Nothing but the records, transcribed verbatim and stripped of images, should appear in the answer.

———

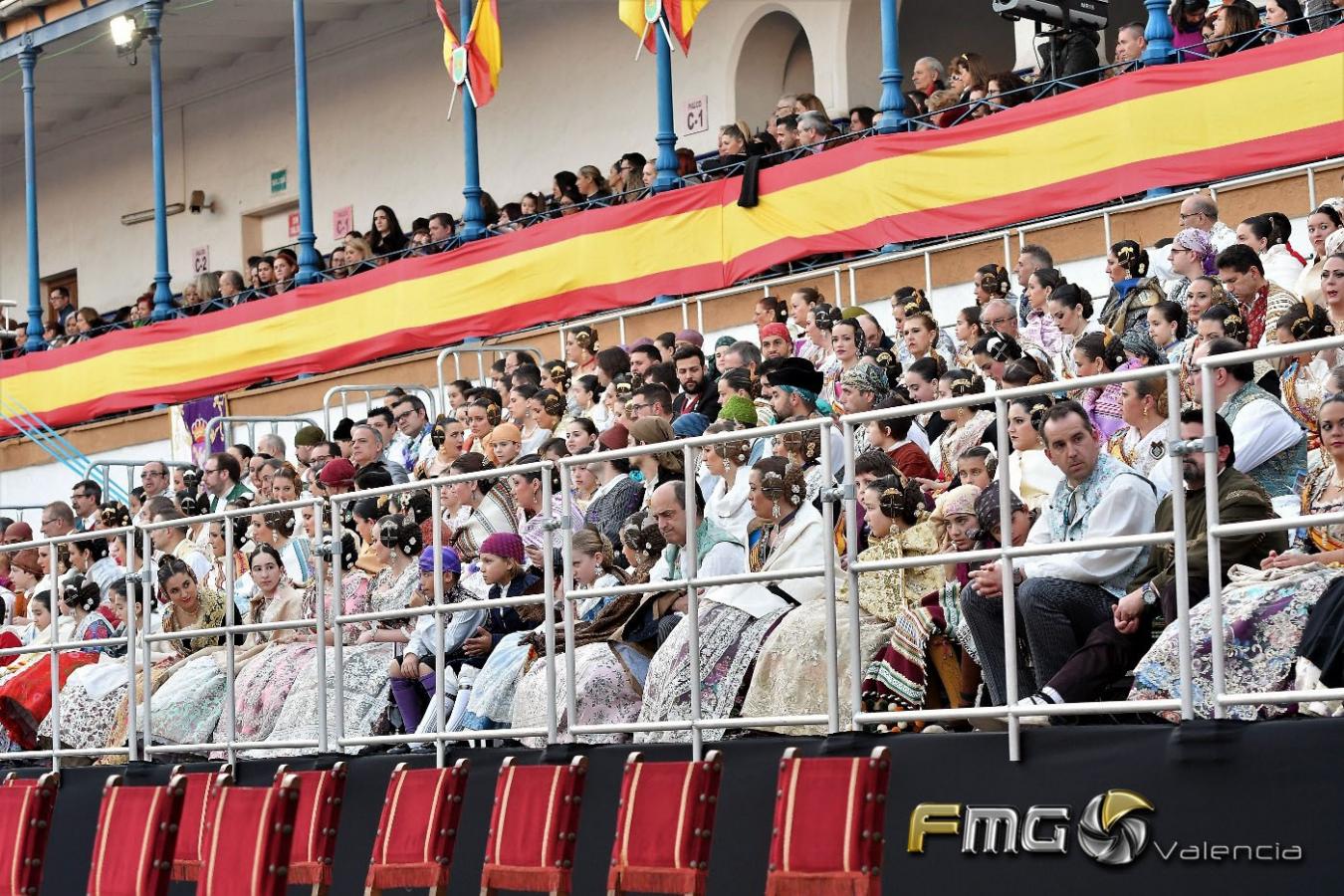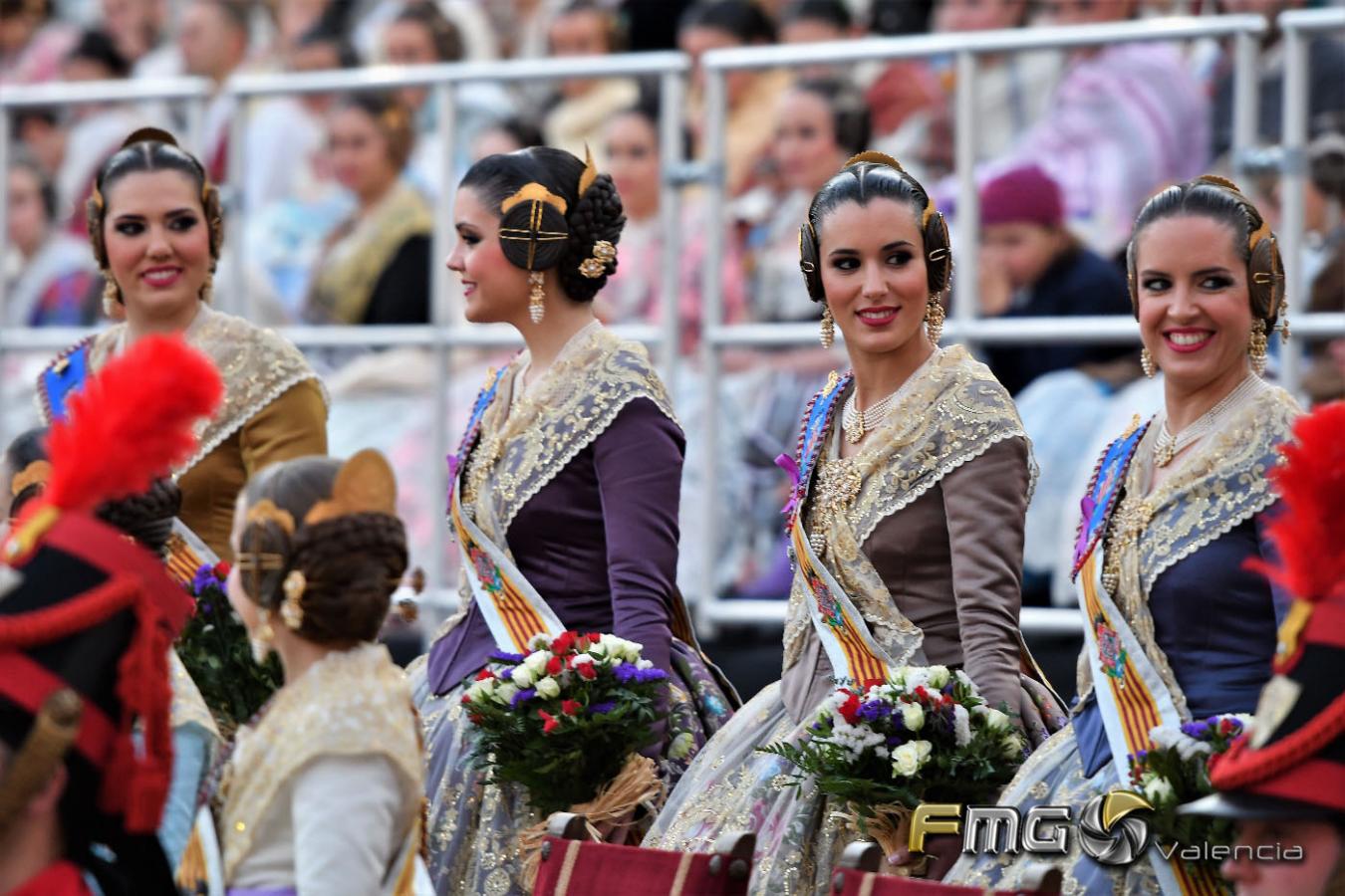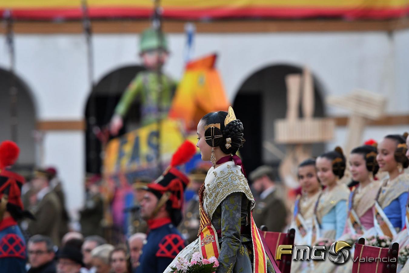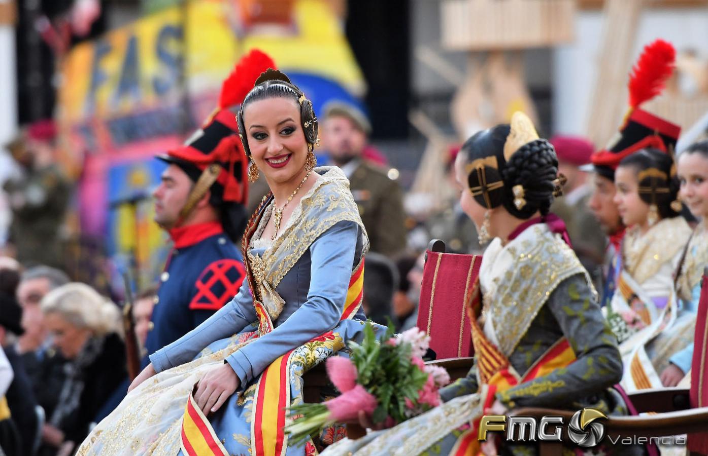 La Fallera Mayor Infantil de Valencia Daniela Gomez de los Ángeles, para este acto llevó un traje inspirado en el S.XVIII una seda con un dibujo exclusivo llamado VALLDIGNA de Compañia Valenciana, en color gris antracita. Por su parte la Fallera Mayor de Valencia eligió un elegante vestido azul confeccionado por José Martínez Polit de En Hilos de Seda. Un trabajo especial de Espolines de Garín para Rocío Gil Uncio que ha lucido un espolín Carpio, más detalles de la indumentaria de las fallera en Indumentat Revista de moda Valenciana
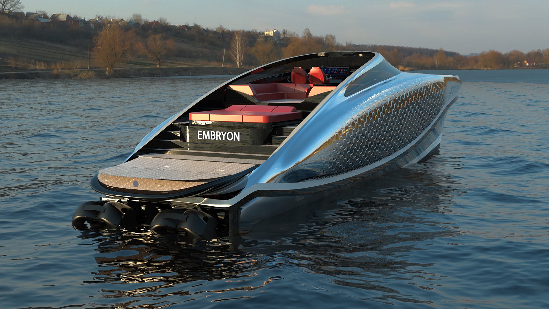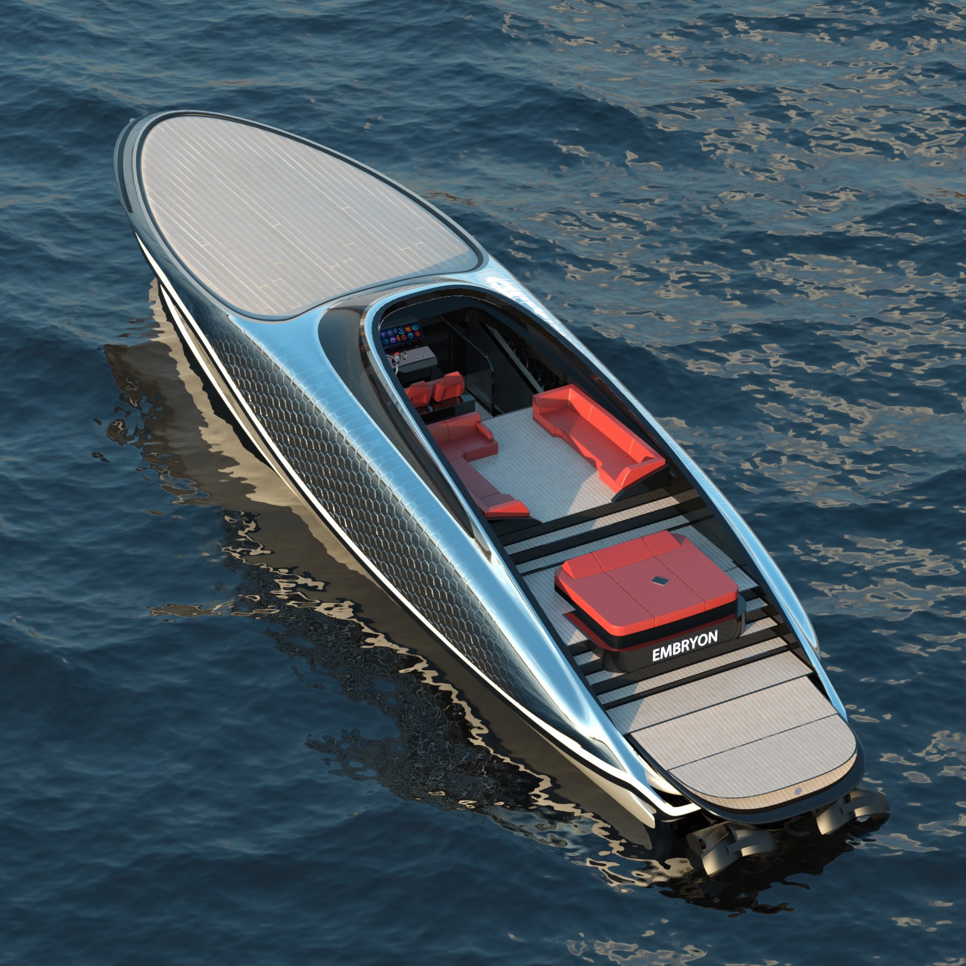 Il vantaggio di Embryon è nella scelta dei materiali che sono per Accendino 30%, rispetto alle tradizionali tecniche di costruzione delle navi. Alla Lazzarini sei come un drive for 24 metri lungo Embryon, immaginano un sistema di propulsione a idrogeno, o un sistema ibrido composto da due cilindri MAN V-12 e un motore elettrico. La spinta dovrebbe essere abbastanza forte da consentire all'Embryon di "fluttuare" a velocità 65 nodi.
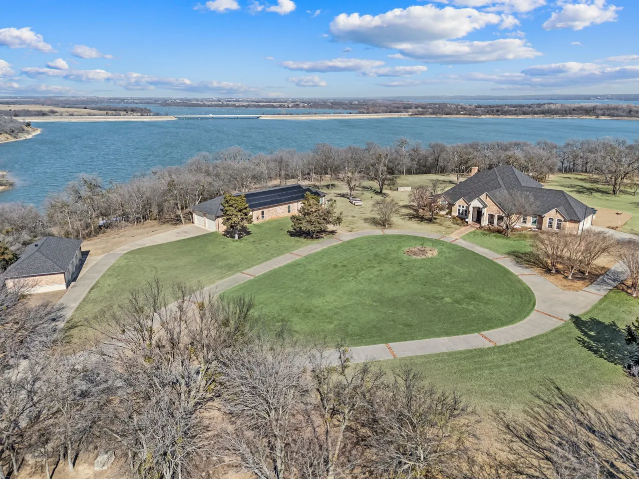 Exclusive lakeview estate lease overlooking Lake Ray Roberts. This secluded brick residence sits on 5.15 manicured acres with sweeping panoramic water views and a private walking path to the shoreline. The open concept floor plan offers 4 bedrooms, 3 baths, a private office, and an inviting living area with a wood burning fireplace framed by expansive windows. Premium features include solar panels, a whole home generator, and a built in safe room for comfort and peace of mind. Additional highlights include a separate shop garage with ample covered parking. Enjoy refined lake living just a short drive from the DFW Metroplex, offering privacy without sacrificing convenience. Rare lease opportunity.
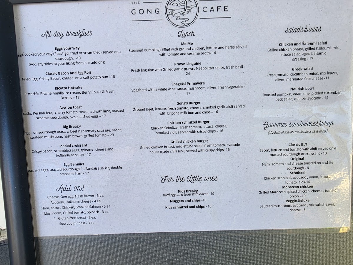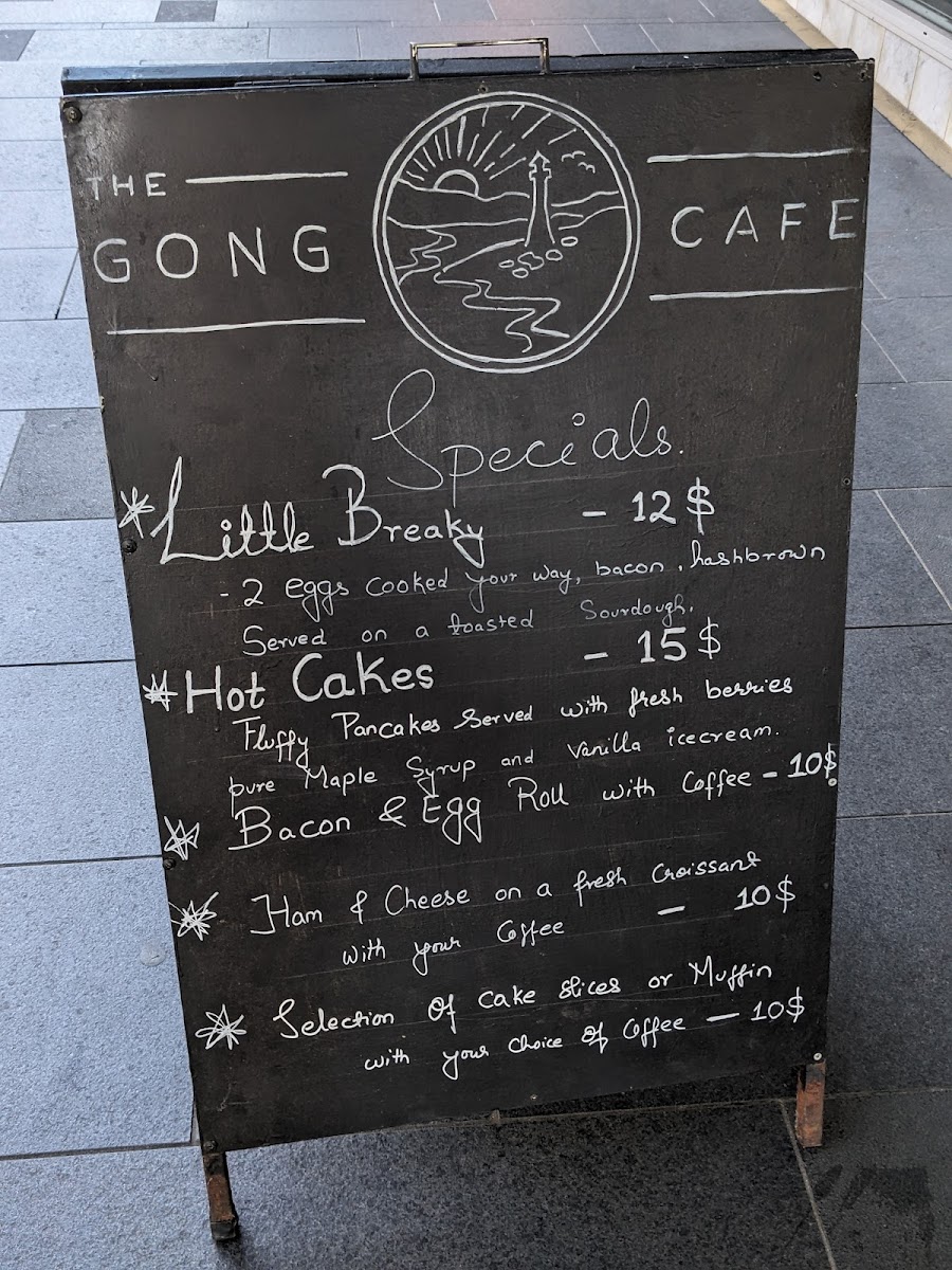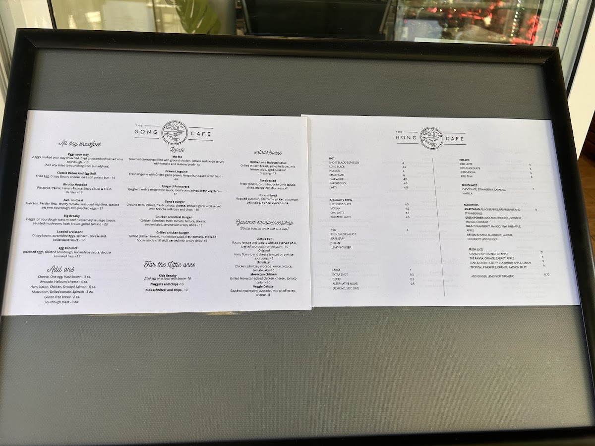 From a reviewer’s perspective, the menu at The Gong Cafe offers a well-rounded and thoughtfully curated selection that caters to a wide range of tastes, making it an ideal spot for both casual diners and café lovers. The all-day breakfast lineup sets a comforting tone, with classics like Eggs Your Way, Classic Bacon And Egg Roll, Ricotta Hotcake, Avo On Toast, and the hearty Big Breaky, all designed to satisfy from morning through midday. Moving into lunch, the menu confidently expands with flavorful and filling options such as Mo Mo, Prawn Linguine, Spagetti Primavera, Gong's Burger, and Chicken Schnitzel Burger, blending café-style comfort with more substantial meals.
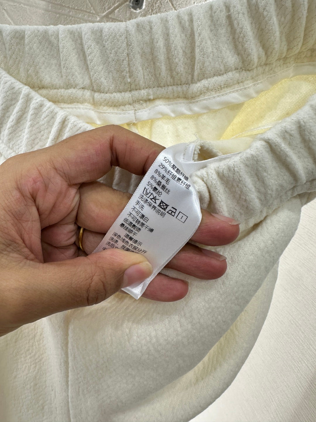 Made of wool blend material, the fabric is soft and comfortable, with delicate luster. The high waisted and wide leg pants have a versatile and durable design, with a solid color throughout. The straight leg pants are created using three-dimensional cutting, making the upper body appear slim and the legs long, with a relaxed and fashionable style. Paired with the iconic contrasting letter logos on both sides of the pockets, the brand's style instantly elevates, exuding a high street fashion vibe. First class plush insulation
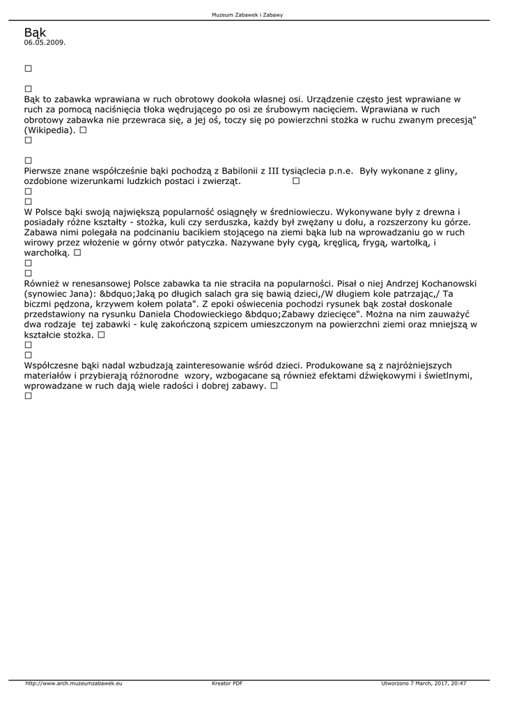 Muzeum Zabawek i Zabawy Bąk 06.05.2009. Bąk to zabawka wprawiana w ruch obrotowy dookoła własnej osi. Urządzenie często jest wprawiane w ruch za pomocą naciśnięcia tłoka wędrującego po osi ze śrubowym nacięciem. Wprawiana w ruch obrotowy zabawka nie przewraca się, a jej oś, toczy się po powierzchni stożka w ruchu zwanym precesją" (Wikipedia). Pierwsze znane współcześnie bąki pochodzą z Babilonii z III tysiąclecia p.n.e. Były wykonane z gliny, ozdobione wizerunkami ludzkich postaci i zwierząt. W Polsce bąki swoją największą popularność osiągnęły w średniowieczu. Wykonywane były z drewna i posiadały różne kształty - stożka, kuli czy serduszka, każdy był zwężany u dołu, a rozszerzony ku górze. Zabawa nimi polegała na podcinaniu bacikiem stojącego na ziemi bąka lub na wprowadzaniu go w ruch wirowy przez włożenie w górny otwór patyczka. Nazywane były cygą, kręglicą, frygą, wartołką, i warchołką. Również w renesansowej Polsce zabawka ta nie straciła na popularności. Pisał o niej Andrzej Kochanowski (synowiec Jana): „Jaką po długich salach gra się bawią dzieci,/W długiem kole patrzając,/ Ta biczmi pędzona, krzywem kołem polata". Z epoki oświecenia pochodzi rysunek bąk został doskonale przedstawiony na rysunku Daniela Chodowieckiego „Zabawy dziecięce". Można na nim zauważyć dwa rodzaje tej zabawki - kulę zakończoną szpicem umieszczonym na powierzchni ziemi oraz mniejszą w kształcie stożka. Współczesne bąki nadal wzbudzają zainteresowanie wśród dzieci. Produkowane są z najróżniejszych materiałów i przybierają różnorodne wzory, wzbogacane są również efektami dźwiękowymi i świetlnymi, wprowadzane w ruch dają wiele radości i dobrej zabawy. http://www.arch.muzeumzabawek.eu Kreator PDF Utworzono 7 March, 2017, 20:47
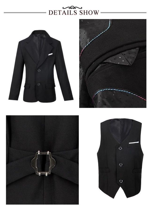 | サイズについての説明 | セット内容:ジャケット、ズボン、ベスト、ワイシャツ、ネクタイ、蝶ネクタイ。 |
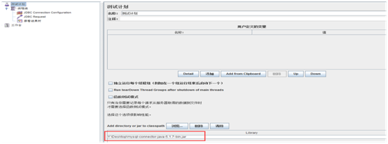 ①导入jdbc的jar包,因为jmeter本身不能直接连接mysql,所以需要导入第三方的jar包,来连接mysql。

———

## PROBLEM SOLUTION
 La Fallera Mayor Infantil de Valencia Daniela Gomez de los Ángeles, para este acto llevó un traje inspirado en el S.XVIII una seda con un dibujo exclusivo llamado VALLDIGNA de Compañia Valenciana, en color gris antracita. Por su parte la Fallera Mayor de Valencia eligió un elegante vestido azul confeccionado por José Martínez Polit de En Hilos de Seda. Un trabajo especial de Espolines de Garín para Rocío Gil Uncio que ha lucido un espolín Carpio, más detalles de la indumentaria de las fallera en Indumentat Revista de moda Valenciana
 Il vantaggio di Embryon è nella scelta dei materiali che sono per Accendino 30%, rispetto alle tradizionali tecniche di costruzione delle navi. Alla Lazzarini sei come un drive for 24 metri lungo Embryon, immaginano un sistema di propulsione a idrogeno, o un sistema ibrido composto da due cilindri MAN V-12 e un motore elettrico. La spinta dovrebbe essere abbastanza forte da consentire all'Embryon di "fluttuare" a velocità 65 nodi.
 Exclusive lakeview estate lease overlooking Lake Ray Roberts. This secluded brick residence sits on 5.15 manicured acres with sweeping panoramic water views and a private walking path to the shoreline. The open concept floor plan offers 4 bedrooms, 3 baths, a private office, and an inviting living area with a wood burning fireplace framed by expansive windows. Premium features include solar panels, a whole home generator, and a built in safe room for comfort and peace of mind. Additional highlights include a separate shop garage with ample covered parking. Enjoy refined lake living just a short drive from the DFW Metroplex, offering privacy without sacrificing convenience. Rare lease opportunity.
 From a reviewer’s perspective, the menu at The Gong Cafe offers a well-rounded and thoughtfully curated selection that caters to a wide range of tastes, making it an ideal spot for both casual diners and café lovers. The all-day breakfast lineup sets a comforting tone, with classics like Eggs Your Way, Classic Bacon And Egg Roll, Ricotta Hotcake, Avo On Toast, and the hearty Big Breaky, all designed to satisfy from morning through midday. Moving into lunch, the menu confidently expands with flavorful and filling options such as Mo Mo, Prawn Linguine, Spagetti Primavera, Gong's Burger, and Chicken Schnitzel Burger, blending café-style comfort with more substantial meals.
 Made of wool blend material, the fabric is soft and comfortable, with delicate luster. The high waisted and wide leg pants have a versatile and durable design, with a solid color throughout. The straight leg pants are created using three-dimensional cutting, making the upper body appear slim and the legs long, with a relaxed and fashionable style. Paired with the iconic contrasting letter logos on both sides of the pockets, the brand's style instantly elevates, exuding a high street fashion vibe. First class plush insulation
 Muzeum Zabawek i Zabawy Bąk 06.05.2009. Bąk to zabawka wprawiana w ruch obrotowy dookoła własnej osi. Urządzenie często jest wprawiane w ruch za pomocą naciśnięcia tłoka wędrującego po osi ze śrubowym nacięciem. Wprawiana w ruch obrotowy zabawka nie przewraca się, a jej oś, toczy się po powierzchni stożka w ruchu zwanym precesją" (Wikipedia). Pierwsze znane współcześnie bąki pochodzą z Babilonii z III tysiąclecia p.n.e. Były wykonane z gliny, ozdobione wizerunkami ludzkich postaci i zwierząt. W Polsce bąki swoją największą popularność osiągnęły w średniowieczu. Wykonywane były z drewna i posiadały różne kształty - stożka, kuli czy serduszka, każdy był zwężany u dołu, a rozszerzony ku górze. Zabawa nimi polegała na podcinaniu bacikiem stojącego na ziemi bąka lub na wprowadzaniu go w ruch wirowy przez włożenie w górny otwór patyczka. Nazywane były cygą, kręglicą, frygą, wartołką, i warchołką. Również w renesansowej Polsce zabawka ta nie straciła na popularności. Pisał o niej Andrzej Kochanowski (synowiec Jana): „Jaką po długich salach gra się bawią dzieci,/W długiem kole patrzając,/ Ta biczmi pędzona, krzywem kołem polata". Z epoki oświecenia pochodzi rysunek bąk został doskonale przedstawiony na rysunku Daniela Chodowieckiego „Zabawy dziecięce". Można na nim zauważyć dwa rodzaje tej zabawki - kulę zakończoną szpicem umieszczonym na powierzchni ziemi oraz mniejszą w kształcie stożka. Współczesne bąki nadal wzbudzają zainteresowanie wśród dzieci. Produkowane są z najróżniejszych materiałów i przybierają różnorodne wzory, wzbogacane są również efektami dźwiękowymi i świetlnymi, wprowadzane w ruch dają wiele radości i dobrej zabawy. http://www.arch.muzeumzabawek.eu Kreator PDF Utworzono 7 March, 2017, 20:47
 | サイズについての説明 | セット内容:ジャケット、ズボン、ベスト、ワイシャツ、ネクタイ、蝶ネクタイ。 |
 ①导入jdbc的jar包,因为jmeter本身不能直接连接mysql,所以需要导入第三方的jar包,来连接mysql。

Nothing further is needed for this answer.